- [Exercise requirements]:
The lines below, from the one holding "3、打开魔镜APP,找到飞屏" through the one holding "Q1271 Banknote Morocco", are to be restated word for word, with all images left out.

- [Material supplied]:
☆ ☆ ☆ ☆ ☆

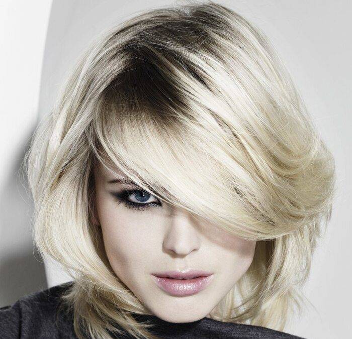 Косая линия уравновешивает пропорции прямоугольного и квадратного лица. Она уместна на длинных и коротких волосах. Вьющиеся волосы не будут терпеть такую форму, они быстро лохматятся. Поэтому ее нужно стричь на прямых волосах.
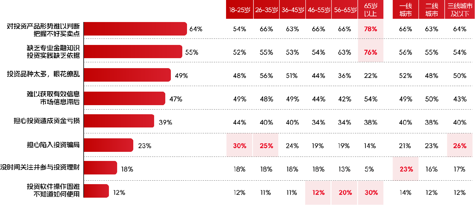 不同個(gè)人投資者在投資過程中的困擾(資料來源:中央財(cái)經(jīng)大學(xué)中國財(cái)富管理中心)
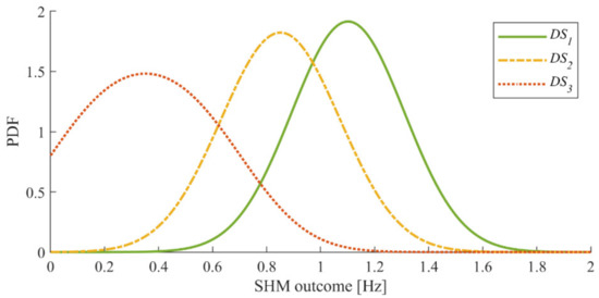 As for the distribution of the frequency values in the different states of the bridge, it is supposed that they are uniformly distributed within the corresponding frequency range. Specifically, the frequency ranges are 1.0–1.2 Hz for , 0.7–1.0 Hz for , and 0.0–0.7 Hz for . Since continuous distributions are employed, the integral version of Equation (13) is adopted. The resulting likelihood functions, shown in Figure 1, are truncated to obtain only positive frequency values.
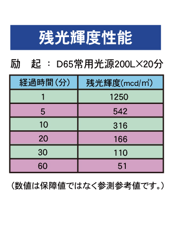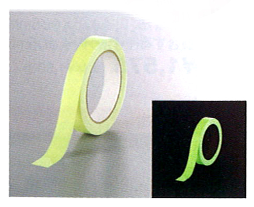 平成22年4月消防予第177号により高輝度蓄光テー^プ等が(光を発する帯状の標示」という法令用語として定義され60分未満のバッテリー付電気式通路誘導灯や照度不足の箇所において高輝度蓄光式誘導標識を設置する際のサポート用品として認められました。
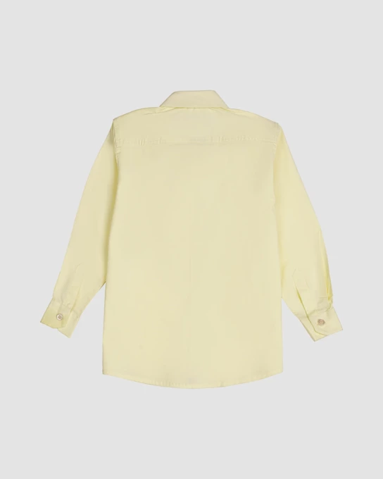 پیراهن پسرانه پوپلین دکمه مخفی رنگ لیمویی
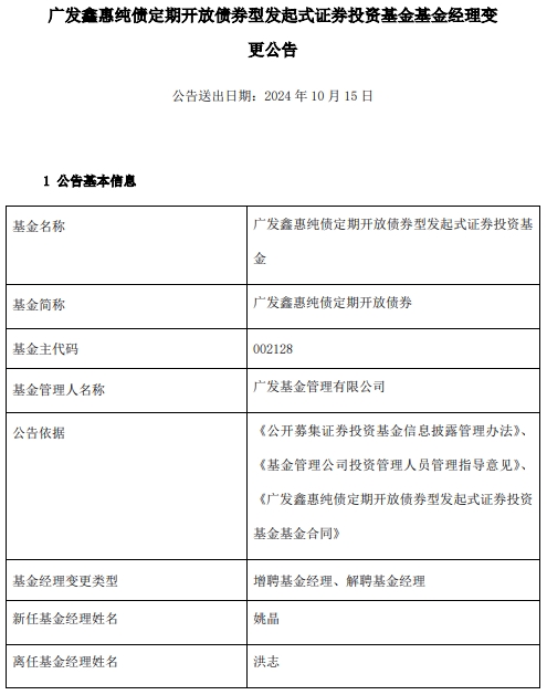 广发鑫惠纯债定期开放债券增聘基金经理姚晶 洪志离任
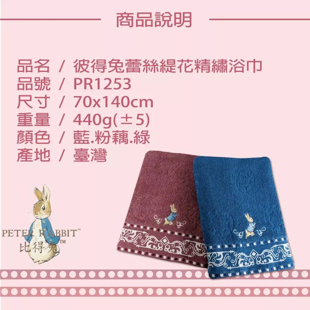 【PETER RIBBIT】彼得兔純棉歐風新貴族蕾絲緹花精繡浴巾PR1253
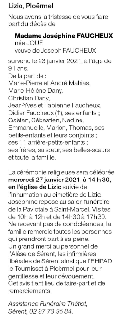 Décédée à Ploermel (56800, France) le samedi 23 janvier 2021 à l'âge de 91 ans
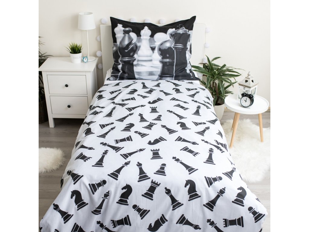 3D Baumwoll-Bettwäsche CHESS DREAM schwarz-weiß, 100% Baumwolle
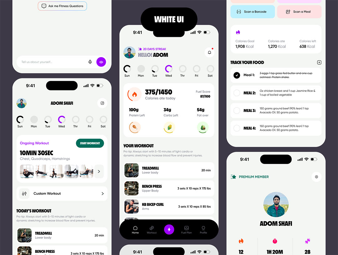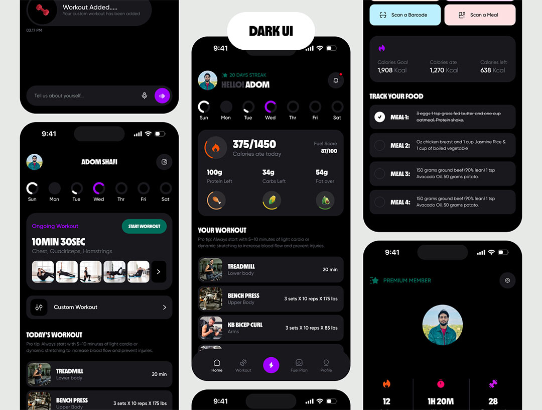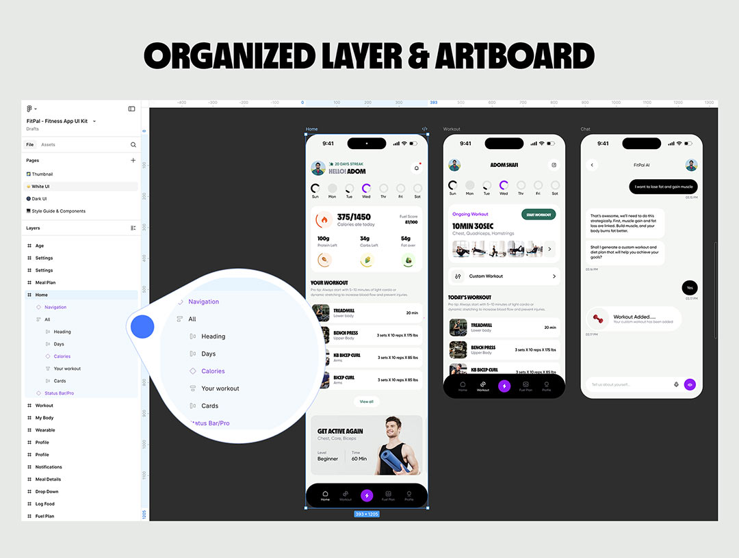明暗共120页健身和膳食计划app界面设计figma源文件
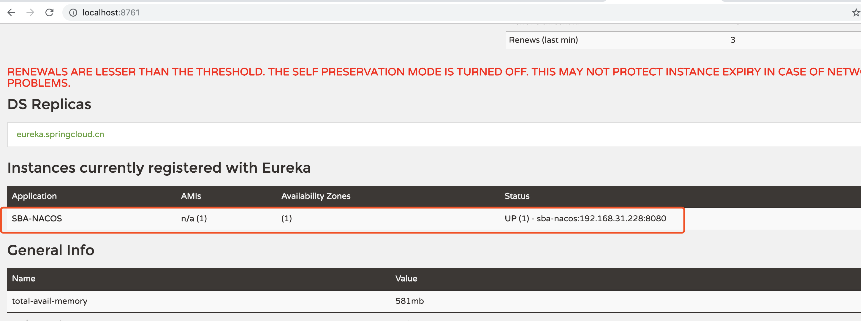 启动一个服务一个服务只注册到Nacos上,发现立即同步到 http://eureka.springcloud.cn/上,如下图所示:
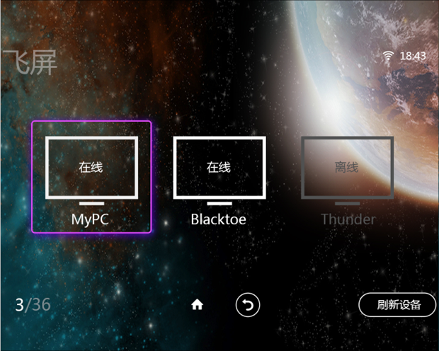3、打开魔镜APP,找到飞屏功能。进入后飞屏会自动搜索可连接的电脑并列出。点击“刷新设备”可重新搜索。
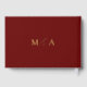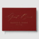 Elegant wedding guestbook featuring "Guest Book" displayed in a modern foil calligraphy script with a burgundy background. Personalise the front of the burgundy and gold foil wedding guest book with your names and wedding date. The back of the guest book displays your monogram initials. Add your married name and wedding date to the spine of the guest book.
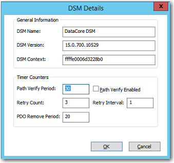 - To view DSM Details and change timer counter settings (which include Path Verify), click Details to open the DSM Details box. Make any changes and click OK to close the box.
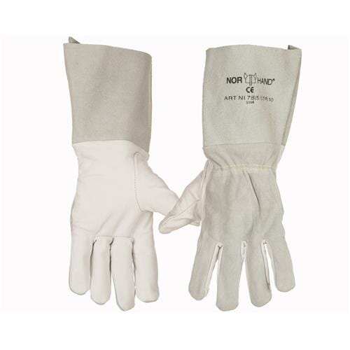 Norhand kombihanske i helforet skinn med 5" mansjett, størrelse 10. Strikk over håndleddet.
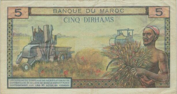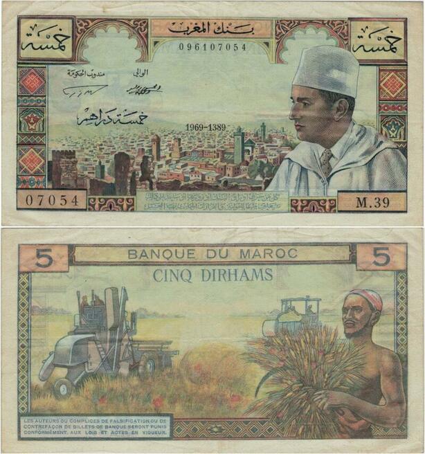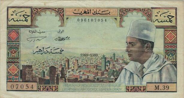 Q1271 Banknote Morocco 5 Dirhams 1969 - 1389 AH -> Make offer
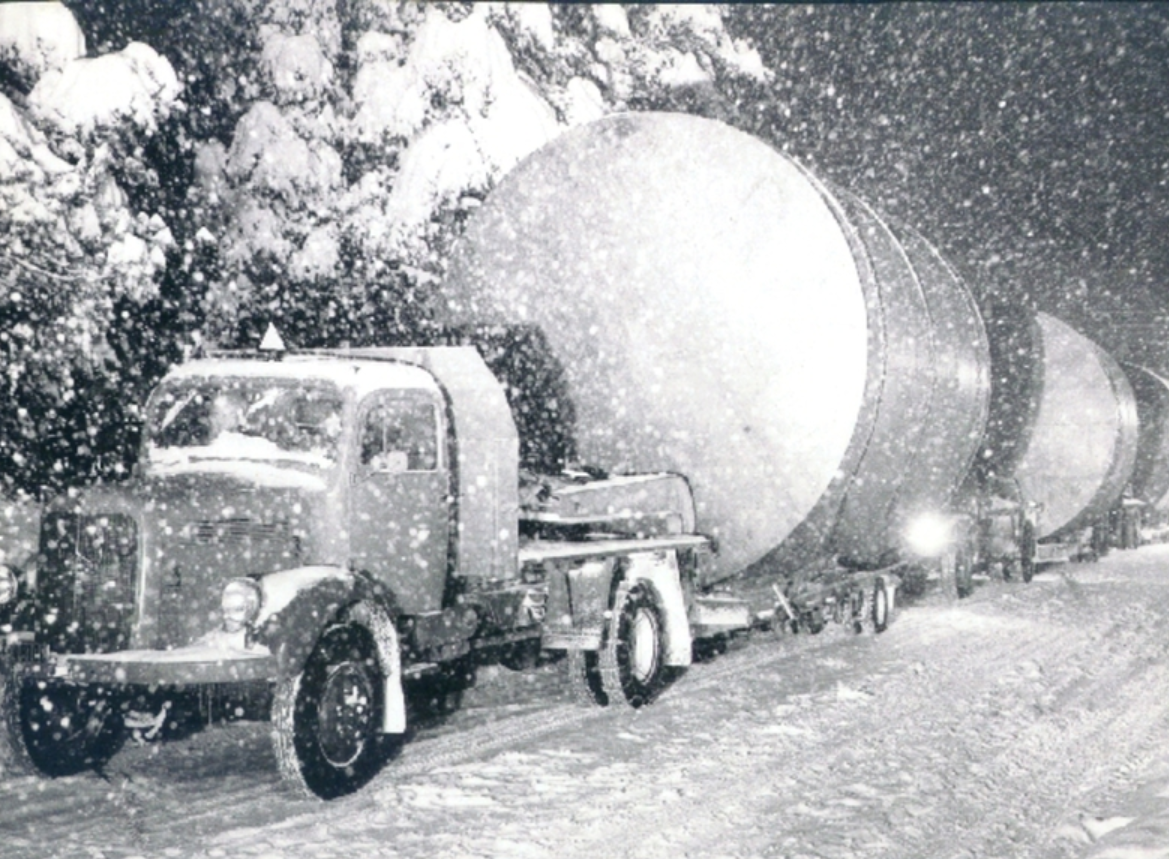 Og hva passer vel bedre enn et bilde fra dengang menn var menn og biler var biler. Fra dengang ekstremvarsel var et ukjent ord, fra dengang vi ikke gjorde noe av fem centimeter snø, eller en meter snø. Fra dengang ungene ikke måtte bruke vernebriller da de brukte ostehøvelsen og onkel polti ikke syntes det var noe rart om du gikk gatelangs med ei øks. Verden går pokkern ikke framover, men denne ruggen av en Mercedes gikk framover. Svært lass i snøføyka.
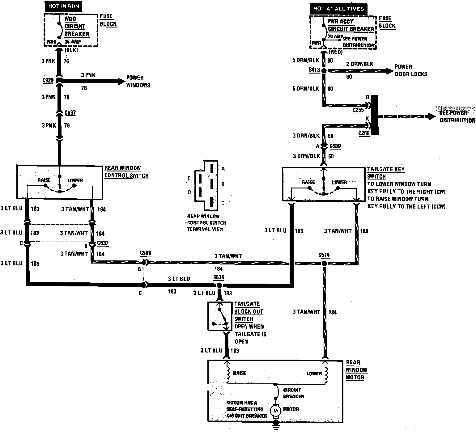 Tailgate Power Window Wiring Circuit:
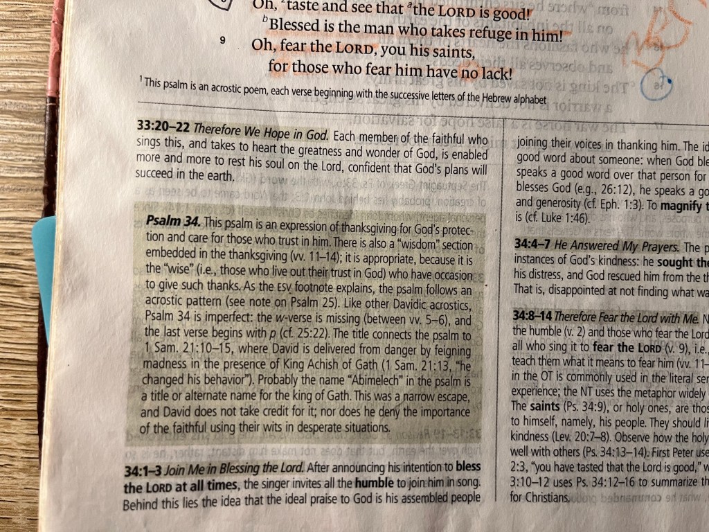 - Psalm 34:1 sn Psalm 34. In this song of thanksgiving the psalmist praises God for delivering him from distress. He encourages others to be loyal to the Lord, tells them how to please God, and assures them that the Lord protects his servants. The psalm is an acrostic; vv. 1-21 begin with successive letters of the Hebrew alphabet. (Verse 6 begins with the letter he (ה) and v. 7 with the letter zayin (ז). The letter vav (ו), which comes between ה and ז, seems to be omitted, although it does appear at the beginning of v. 6b. The final verse of the psalm, which begins with the letter pe (פ), is outside the acrostic scheme.
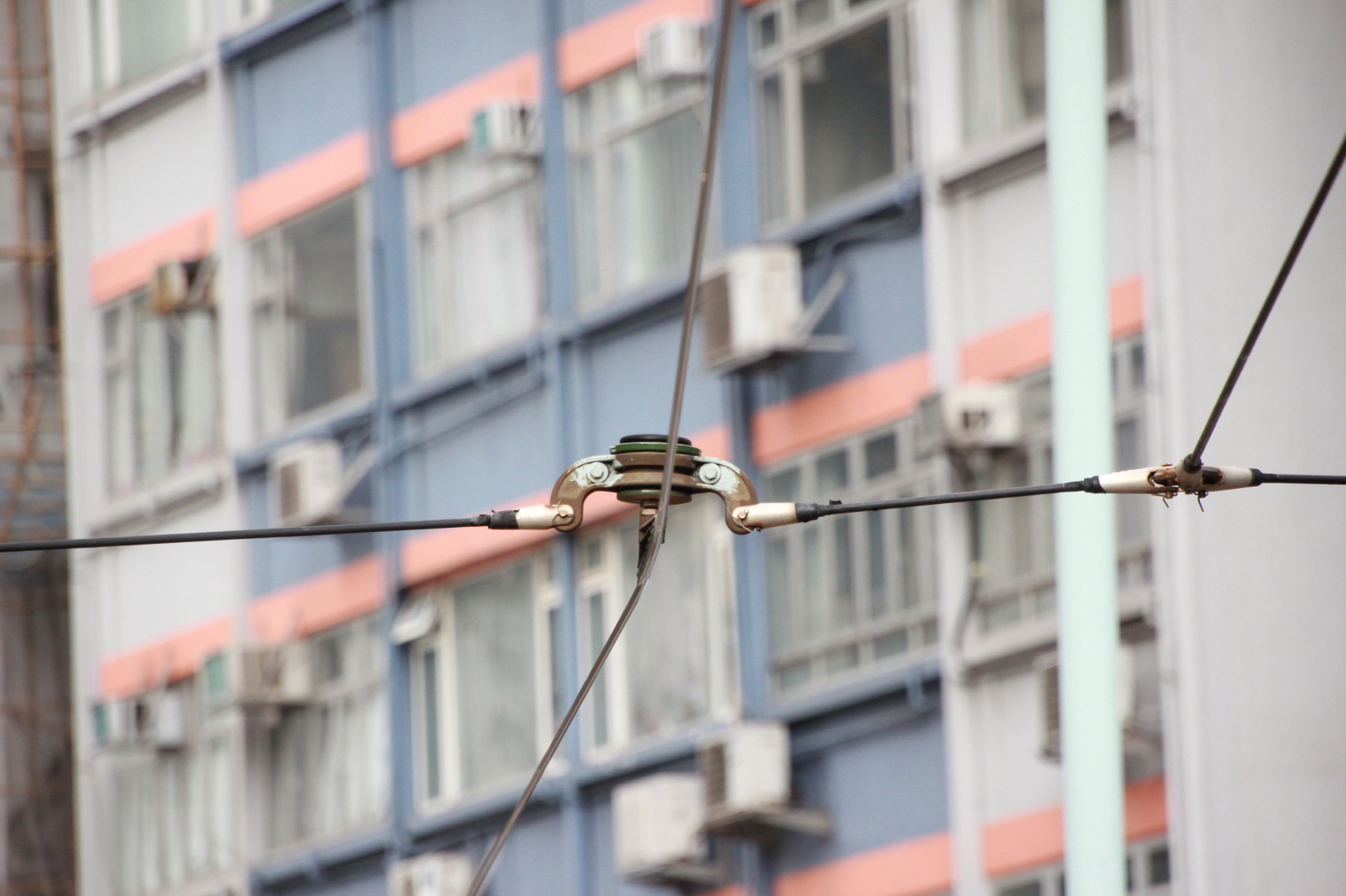 이렇게 생긴 전선과 전선을 고정하는 장치로 트램에 전기를 공급합니다.
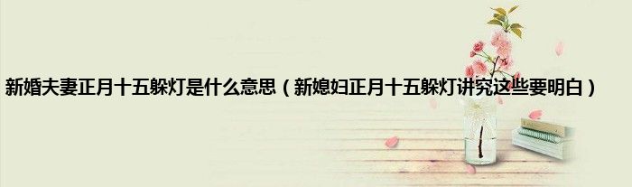 大家好,综合小编来为大家讲解下。新婚夫妻正月十五躲灯是什么意思,新媳妇正月十五躲灯讲究这些要明白这个很多人还不知道,现在让我们一起来看看吧!

☆ ☆ ☆ ☆ ☆

- [Completed exercise]:
3、打开魔镜APP,找到飞屏功能。进入后飞屏会自动搜索可连接的电脑并列出。点击“刷新设备”可重新搜索。
 Elegant wedding guestbook featuring "Guest Book" displayed in a modern foil calligraphy script with a burgundy background. Personalise the front of the burgundy and gold foil wedding guest book with your names and wedding date. The back of the guest book displays your monogram initials. Add your married name and wedding date to the spine of the guest book.
 - To view DSM Details and change timer counter settings (which include Path Verify), click Details to open the DSM Details box. Make any changes and click OK to close the box.
 Norhand kombihanske i helforet skinn med 5" mansjett, størrelse 10. Strikk over håndleddet.
 Q1271 Banknote Morocco 5 Dirhams 1969 - 1389 AH -> Make offer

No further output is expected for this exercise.